- Developer: Datasoft
- Publisher: Datasoft
- Platforms: Apple II, Atari 8-bit, Atari ST, Commodore 64, IBM PC
- Release: NA: 1986;
- Genre: Board
- Modes: Single-player, multiplayer

= 221B Baker Street (video game) =

1986 video game

221B Baker Street is a 1986 video game published by Datasoft, based on an earlier board game of the same name. The game was inspired by the exploits of Arthur Conan Doyle's fictional detective Sherlock Holmes and derives its title from the detective's residence at 221B Baker Street in London. The original board game was created and copyrighted by American writer Jay Moriarty (dba Antler Productions) in 1975.

==Gameplay==

Gameplay screenshot (Atari ST)

Up to four players compete against each other to solve various mysteries in and around Victorian London. Each player can assume the role of one of four characters from the Sherlock Holmes books—Sherlock Holmes, Dr. Watson, Irene Adler or Inspector Lestrade—and can select from 30 different adventures. Case file for each mystery are provided in the manual and give the particulars of the case, including key clues and suspects.

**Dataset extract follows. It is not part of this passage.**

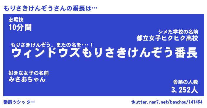 | 男性向けラノベタイトル風あだ名 | 『もりさきけんぞうの憂鬱』 |

To solve the case, players roll dice to move among 15 different locales throughout London, collecting the clues necessary to unravel the mystery. Each player also visits Scotland Yard to collect a badge, which allows him to "lock" a particular location on the map, making access to it by the other players more difficult. Once a player believes he has solved the case, he returns to Baker Street where he must successfully answer a quiz. Play ends when a player successfully passes the quiz.

==Reception==
Harvey Bernstein reviewed the game for Antic and stated that "I will admit that the graphics are fairly good but, aside from a handful of quotes in the documentation, no attempt is made to capture the style of Sir Arthur Conan Doyle's beloved text."